Hello!
I am trying to fine-tune language identification model using SpeechBrain. I followed the notebook [tutorial][1] on fine-tuning ASR model. However, I have trouble adding new label into the model. I would like to add new language their, so I edited label_encoder.txt and add there new line ‘yk: Yakut’ => 107, but during the training process I got the next error:
return torch._C._nn.nll_loss_nd(input, target, weight, _Reduction.get_enum(reduction), ignore_index)
IndexError: Target 107 is out of bound
My language brain class looks like this:
class LanguageBrain(speechbrain.core.Brain):
def on_stage_start(self, stage, epoch):
# enable grad for all modules we want to fine-tune
if stage == speechbrain.Stage.TRAIN:
for module in [self.modules.compute_features, self.modules.mean_var_norm,
self.modules.embedding_model, self.modules.classifier]:
for p in module.parameters():
p.requires_grad = True
def compute_forward(self, batch, stage):
"""Computation pipeline based on a encoder + speaker classifier.
Data augmentation and environmental corruption are applied to the
input speech.
"""
batch = batch.to(self.device)
wavs, lens = batch.sig
feats = self.modules.compute_features(wavs)
feats = self.modules.mean_var_norm(feats, lens)
# Embeddings + speaker classifier
embeddings = self.modules.embedding_model(feats, lens)
outputs = self.modules.classifier(embeddings)
return outputs, lens
def compute_objectives(self, predictions, batch, stage):
"""Computes the loss using speaker-id as label.
"""
predictions, lens = predictions
uttid = batch.id
langid = batch.lang_id_encoded
if stage == speechbrain.Stage.TRAIN:
langid = torch.cat([langid], dim=0)
loss = self.hparams.compute_cost(predictions, langid.unsqueeze(1), lens)
return loss
def on_stage_end(self, stage, stage_loss, epoch=None):
"""Gets called at the end of an epoch."""
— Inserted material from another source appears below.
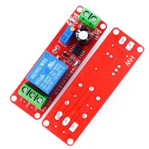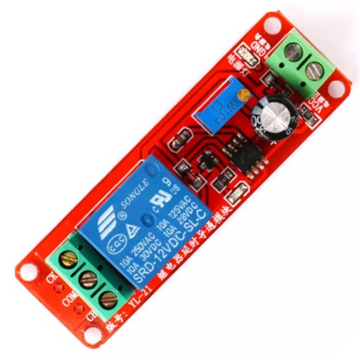 Zegar opóźniający pozwala na sterowanie układem w przedziale od 0 do 10 sekund. Po dostarczeniu zasilania 12V rozpoczyna on pomiar czasu, ustawionego za pomocą wbudowanego potencjometru, a gdy ten się skończy moduł włącza przekaźnik. Dzięki przemyślanej konstrukcji i dwóm diodom sygnalizacyjnym będziesz wiedział o aktualnym stanie pracy przekaźnika czy też modułu. Układ NE555 sprawdzi się na początku przygody z elektroniką jak i w zaawansowanych projektach.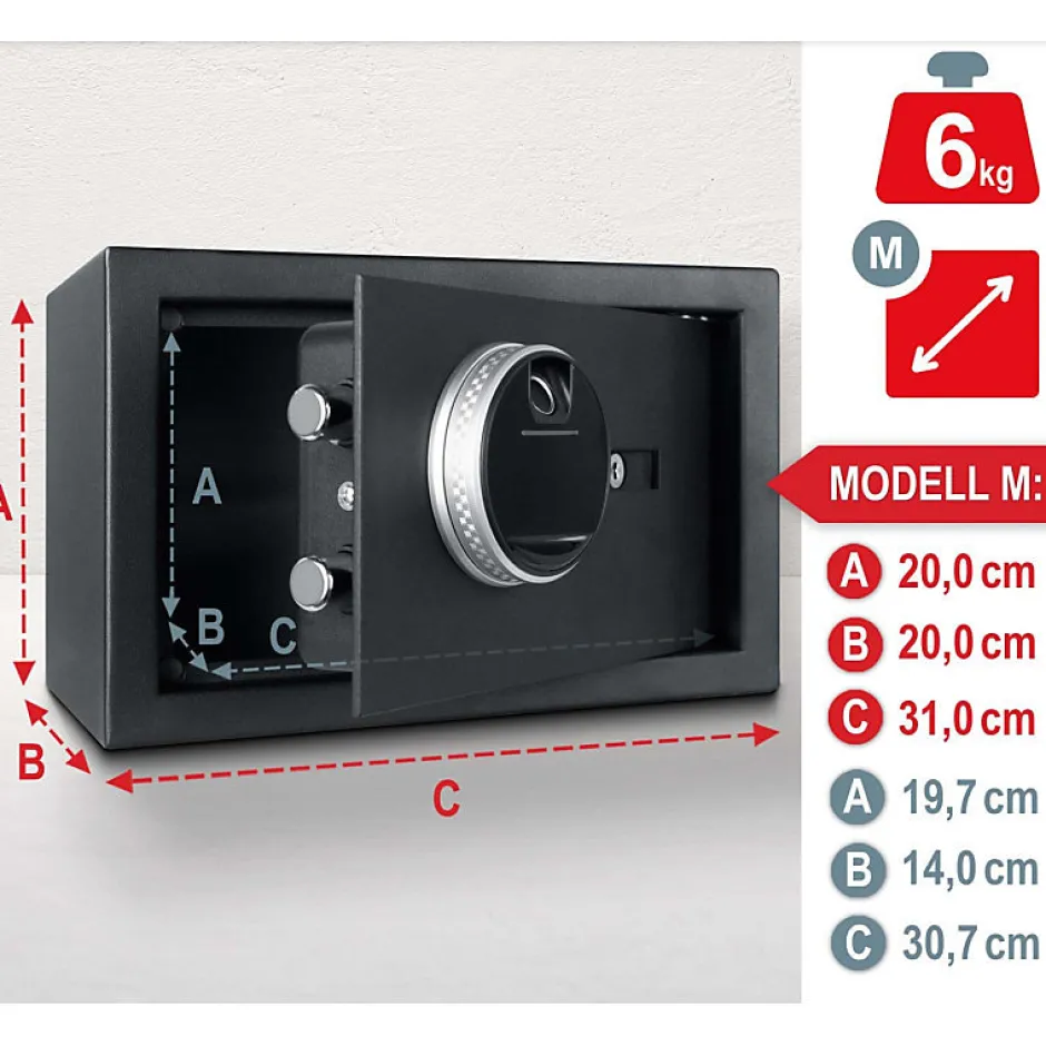 Coffre-fort pour meublesLe coffre-fort électronique pour meubles offre le plus haut niveau de protection pour vos objets de valeur. Le coffre-fort peut être facilement déverrouillé avec une empreinte digitale ou un code numérique. De plus, 2 clés d’urgence sont incluses avec lesquelles vous pouvez également ouvrir le coffre-fort manuellement. Après le déverrouillage, la porte du coffre-fort peut être facilement ouverte à l’aide du bouton rotatif au fonctionnement fluide.Dimensions:Taille M – 31 x 20 x 20 cm (L x H x P)Intérieur spacieux avec tapis en feutre pour protéger contre les rayuresFonctionnalités de sécurité-Stockage jusqu’à 99 empreintes digitales-Code numérique de 4 à 8 chiffres-2 clés de secours pour ouverture manuelle-Porte en acier massif (4 mm d’épaisseur) avec 2 ou 3 pênes de verrouillage solides-Élément de commande LCD numérique avec signal acoustiqueFonctionne sur piles-Fonctionne avec 4 piles AA-Jusqu’à 700 utilisations par batterieFacile à manipuler et à assembler-Bouton à fonctionnement fluide pour ouvrir la porte-Éclairage intérieur pour une meilleure vue d’ensemble-Matériel de pré-perçage et de montage pour montage mural ou dans une armoire-Quatre pieds antidérapants pour un maintien sûrHaute qualité-Acier massif pour une protection optimale- Fonctions de sécurité faciles à utiliser et fiables- Intérieur avec tapis en feutre pour protéger les objets de valeurSupport client et SAV en Français – Pas de livraison dans le DOM TOM et la Corse.

stage_stats = {"loss": stage_loss}
checkpointer.save_and_keep_only(
meta={"loss": stage_stats["loss"]},
min_keys=["loss"])
I guess I need to do something with the classification layer. I deleted it and changed to layer with the output features I need:
import torch.nn as nn
class Identity(nn.Module):
def __init__(self):
super(Identity, self).__init__()
def forward(self, x):
return x
language_id.mods.classifier.out.w = Identity()
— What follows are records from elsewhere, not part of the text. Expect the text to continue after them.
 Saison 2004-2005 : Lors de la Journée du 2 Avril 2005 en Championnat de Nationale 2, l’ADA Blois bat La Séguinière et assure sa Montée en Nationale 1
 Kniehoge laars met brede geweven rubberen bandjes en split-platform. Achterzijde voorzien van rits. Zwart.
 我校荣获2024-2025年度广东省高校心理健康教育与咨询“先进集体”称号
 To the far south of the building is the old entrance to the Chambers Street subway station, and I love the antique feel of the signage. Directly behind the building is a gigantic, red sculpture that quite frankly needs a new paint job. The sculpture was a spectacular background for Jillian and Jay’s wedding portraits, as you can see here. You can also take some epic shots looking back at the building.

language_id.mods.classifier.out.w = nn.Linear(512, 108)
However in that case I got another error:
RuntimeError: Error(s) in loading state_dict for Classifier: size mismatch for out.w.weight: copying a param with shape torch.Size([107, 512]) from checkpoint, the shape in current model is torch.Size([108, 512]). size mismatch for out.w.bias: copying a param with shape torch.Size([107]) from checkpoint, the shape in current model is torch.Size([108]).
How could I train the model to predict new label class?